### [Task to complete]
Beginning at the line that contains "Since his first", reproduce the entries below exactly, ending with the line that contains "Muy buena moneda". Omit each picture.

Stored items from a collection:
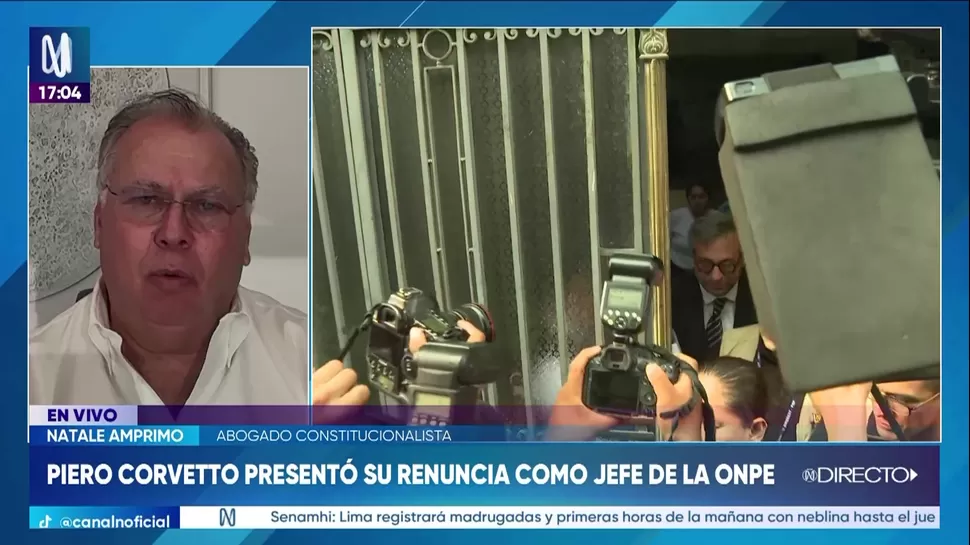 El abogado constitucionalista Natale Amprimo calificó como necesaria la salida de Piero Corvetto de la jefatura de la Oficina Nacional de Procesos Electorales (ONPE). En entrevista con Canal N, Amprimo sostuvo que era "inaceptable" que el funcionario permaneciera un día más en el cargo, debido a que su continuidad solo incrementaba las dudas y la desconfianza sobre el proceso electoral vigente.
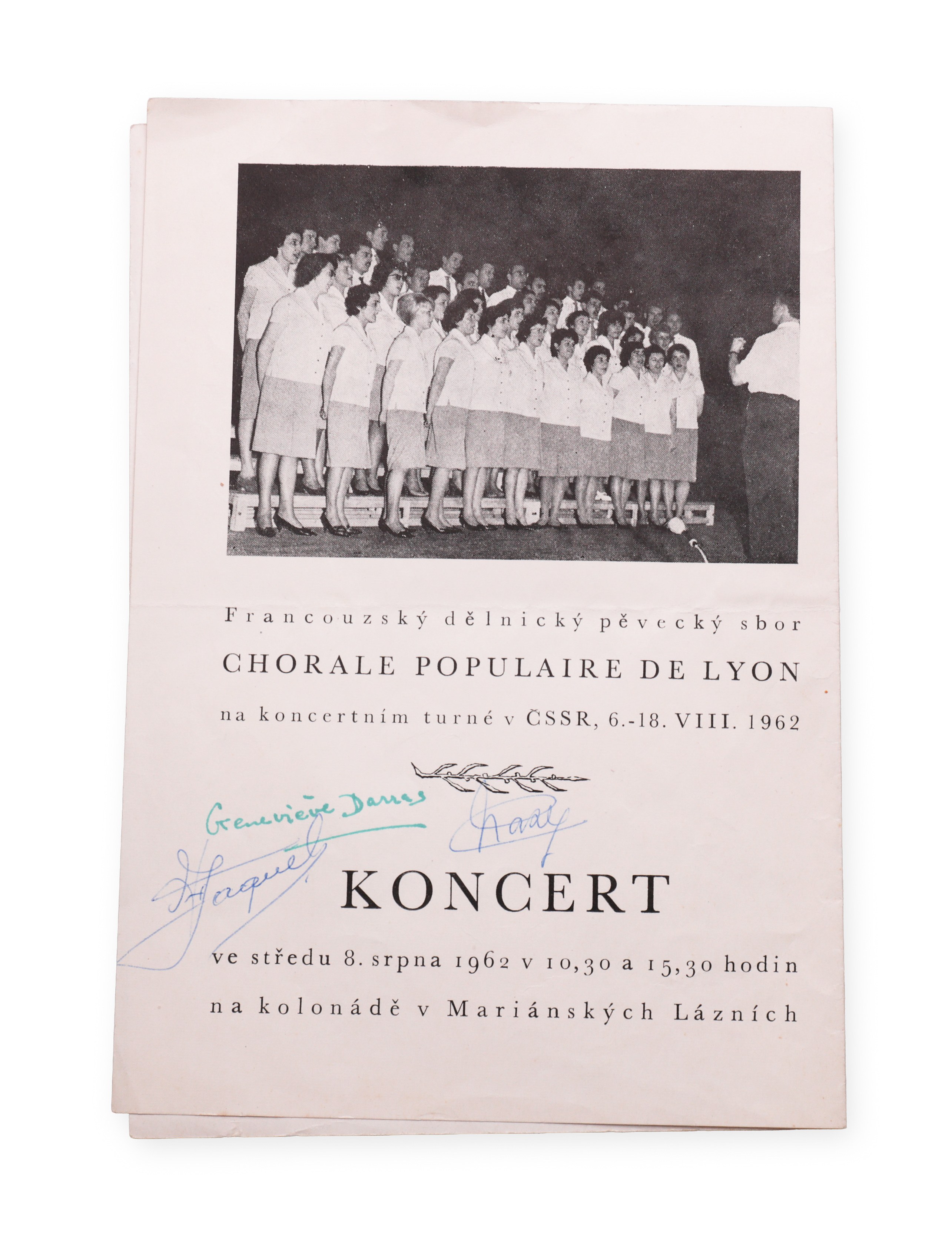 Signatures of the members of the French Workers' Choir on the program from a concert held on August 8, 1962. The document records the participation of this ensemble in a cultural event and is a valuable reminder of international musical cooperation in the 1960s.Bidders are obliged to inform themselves about the condition of the lots before the auction, subsequent complaints will not be taken into account.
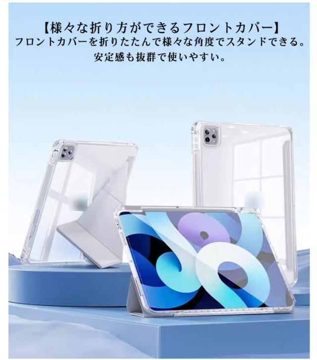 | 縦置き&横置き2way可能なペン収納付きのipadケース。【13インチ】 【様々な折り方ができるフロントカバー】フロントカバーを折りたたんで様々な角度でスタンドできる。安定感も抜群で使いやすい。 【透明なバックケース】背面はクリアな素材のバックケース。Appleマークが透けて見えて、とってもオシャレ! 【ペンシル収納】ケースに便利なペンシル収納付き無くしがちなアップルペンシルもこれで安心 【スリムデザイン】軽量かつ耐久性のあるスマートケース。ソフト素材のケースは、iPadを衝撃などから保護します。 【オートスリープ機能】オートスリープ機能で、バッテリーが無駄に消費してしまうのを防ぎます。 | |
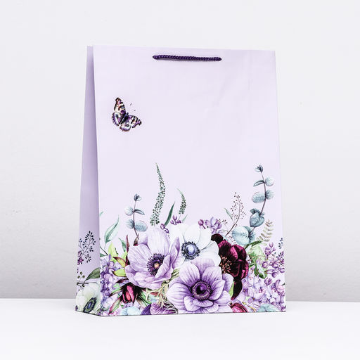 Пакет подарочный "Бабочки в цветах", 33 х 42,5 х 10 см
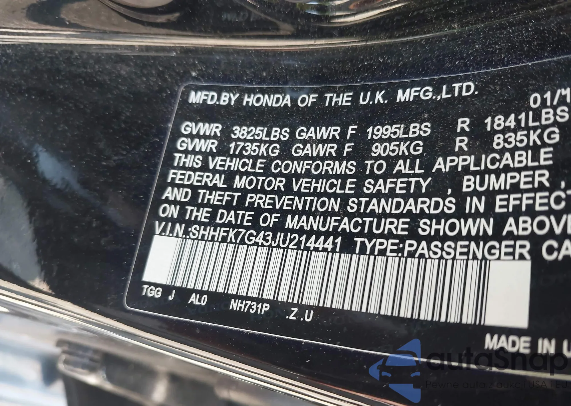 • VIN SHHFK7G43JU214441
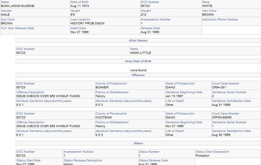 Since his first arrest was in 1994, when he was nineteen, it doesn’t look like Jason Bush had been in the military at all – despite the stories, the military frowns on recruiting folks with multiple felony convictions. But most people wouldn’t know that unless they served in the military.
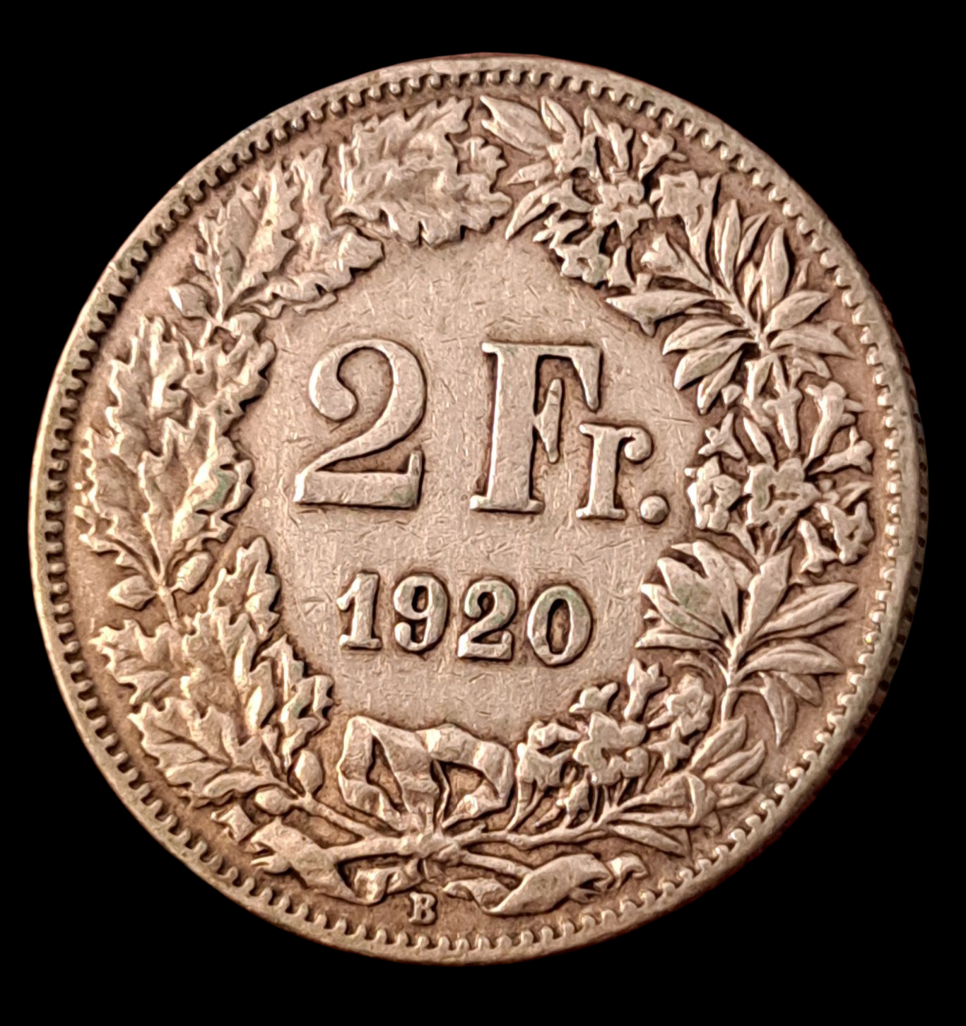 Muy buena moneda de plata de 2 francos suizos de 1920 en muy buena conservación
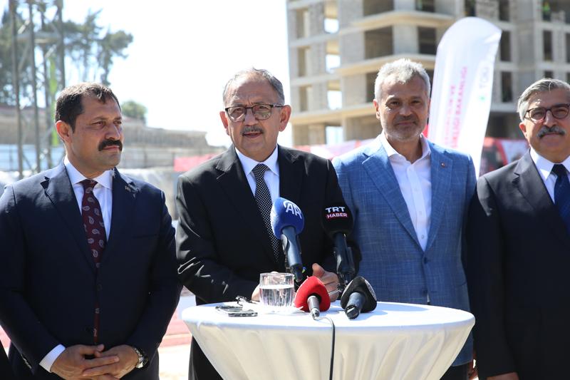 "En büyük hasar gören illerimizin başında da Hatay'ımız vardı. Merkezde Antakya ve Defne, ilçelerde İskenderun, Kırıkhan, Samandağ gibi ilçelerimizde de büyük hasarlar oluşmuştu. Depremin ilk anından itibaren büyük bir gayretle zararları giderebilmek, buradaki yaraları sarabilmek amacıyla çalışma yürütüyoruz. Bu çalışmalarda da çok şükür epeyce bir yol aldık. Hatay özeliyle ilgili söylenecek olursa; AFAD'ın bize vermiş olduğu hak sahipliği sayısı konut itibarıyla 140 bin civarında, 139 bin 600 gibi söyleniyor ama biz yuvarlak 140 bin diyoruz. Bu sayı artabilir çünkü mahkemelere intikal etmiş konular var. Orta hasarlı, az hasarlı binaların kendine has birtakım hukuki ihtilafları ve çıkacak sonuçları da sayıyı değiştirebileceği gerçeğinden hareketle 140 bini geçer diye tahmin ediyoruz. 13 bin kadar da iş yeri burada yapılması icap ediyor, bu kadar karşımızda hak sahibi var. Bizler, Çevre, Şehircilik ve İklim Değişikliği Bakanlığı olarak AFAD'ın bize bildirmiş olduğu hak sahipliği sayısı üzerinde elde ettiğimiz verileri alıp daha sonra da Hatay'ımızın bir tarafta boş bulabildiğimiz alanlarda, hazine arazilerinde çok hızlı bir şekilde davranıp konutların inşaatına başladık."

### [Your response]
 Since his first arrest was in 1994, when he was nineteen, it doesn’t look like Jason Bush had been in the military at all – despite the stories, the military frowns on recruiting folks with multiple felony convictions. But most people wouldn’t know that unless they served in the military.
 Muy buena moneda de plata de 2 francos suizos de 1920 en muy buena conservación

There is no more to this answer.